Thursday, March 25, 2010

Octopus and Creepers

Yesterday we went out to a reef on a small island off of Suva for my marine biology lab. We got thrown off of the boat and spent a few hours wading around, laying out a couple of lines and counting and measuring the live coral along each one. We were in knee deep water the whole time...so much for trying to not ruin my sneakers, but it was worth it. I spent the whole time splashing around looking at the many types of fish and animals and other cool things there.

Thanks to my friend that I made in lab that day, Lilly, I now have pictures!

You can't really see the color all that well, but there were a bunch of these deep blue starfish everywhere. I was very excited.


Me being overly excited and a little deranged-looking over a big clam shell that another girl in my group (Muni, she's the one crouched down actually doing work next to me) found. There were also red sea urchins everywhere, and although most of what we were walking on was dead coral, there were some really cool live ones (including a big fanned out sponge that was super sticky when you touched it). There were pockets of tiny brightly colored (mostly blue) fish around the few live corals that we found.

A banded octopus! I saw something moving around and watched it slink over the rocks for a while, changing colors to blend in with everything, and when I stepped closer to it it flashed its banded pattern, so I gave it some room.
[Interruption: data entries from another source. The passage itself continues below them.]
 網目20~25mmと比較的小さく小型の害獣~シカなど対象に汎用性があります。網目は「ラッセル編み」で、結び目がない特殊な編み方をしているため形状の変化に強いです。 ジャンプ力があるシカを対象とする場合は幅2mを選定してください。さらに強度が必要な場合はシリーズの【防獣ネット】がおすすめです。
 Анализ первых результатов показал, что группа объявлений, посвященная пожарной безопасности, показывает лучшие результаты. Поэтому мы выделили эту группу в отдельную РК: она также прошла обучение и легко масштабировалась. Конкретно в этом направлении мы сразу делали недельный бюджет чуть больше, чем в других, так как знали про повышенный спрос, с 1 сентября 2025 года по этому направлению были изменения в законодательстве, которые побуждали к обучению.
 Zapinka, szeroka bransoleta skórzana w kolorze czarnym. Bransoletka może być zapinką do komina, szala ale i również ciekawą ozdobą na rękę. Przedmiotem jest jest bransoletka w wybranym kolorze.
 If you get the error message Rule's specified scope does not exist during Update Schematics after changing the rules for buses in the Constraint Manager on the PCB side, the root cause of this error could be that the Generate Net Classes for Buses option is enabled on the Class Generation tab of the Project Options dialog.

So cool!

Me, Lilly, and Lilly's friend Mere on the boat ride back from the reef to campus. This was my first trip to a reef in Fiji so I was really happy.
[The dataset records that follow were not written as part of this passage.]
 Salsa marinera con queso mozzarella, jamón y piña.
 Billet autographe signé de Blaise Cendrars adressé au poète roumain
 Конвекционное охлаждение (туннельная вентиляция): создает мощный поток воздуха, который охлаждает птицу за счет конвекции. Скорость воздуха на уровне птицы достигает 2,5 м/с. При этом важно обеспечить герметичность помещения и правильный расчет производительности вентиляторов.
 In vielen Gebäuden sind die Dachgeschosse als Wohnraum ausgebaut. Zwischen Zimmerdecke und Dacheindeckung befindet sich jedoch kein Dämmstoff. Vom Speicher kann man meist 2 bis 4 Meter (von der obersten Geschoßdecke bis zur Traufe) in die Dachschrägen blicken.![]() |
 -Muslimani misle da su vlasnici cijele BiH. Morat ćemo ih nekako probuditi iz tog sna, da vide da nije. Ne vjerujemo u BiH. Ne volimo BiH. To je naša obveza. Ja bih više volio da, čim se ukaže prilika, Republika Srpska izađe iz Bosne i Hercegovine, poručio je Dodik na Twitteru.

Today we had Fijian, where we spent the first hour pestering our professor with many questions because we didn't really feel like doing actual work. We found out that he speaks all dialects of Fijian (there are over 300), Samoan, Tongan, some languages spoken in the Solomon Islands, French, Russian, and German. So he's pretty much a boss. We also found out that Fijians have a different sense of eating...as in they say that you drink mangos, pineapples, and other juicy fruits. So, if I told someone that I ate a mango, that would be wrong. Also, Fijian ideas on family are very different. You consider all of your cousins your brothers and sisters, and male and female cousins that are related as parallel cousins (if they are related through their mother's sister, or through their father's father), interaction between these two cousins is forbidden. As in, they're not supposed to speak to each other or even be in the same room. Fijian fathers are not typically the ones that raise their own children; instead, discipline is handled by the mother's brother, who serves as the main authority figure in the family. It's very, very different. Our professor made it sound like this was pretty common, especially outside of the cities. Another not so fun thing I learned in class is that we have 2 midterms (a written and an oral exam) the week between Easter and spring break. This doesn't bode well for me, since I already have 3 midterms that week, so now I have 5 exams in 4 days. I guess this is payback for me never really having to do work here? It won't be anything like exam periods at Williams but I still think it's going to suck pretty bad.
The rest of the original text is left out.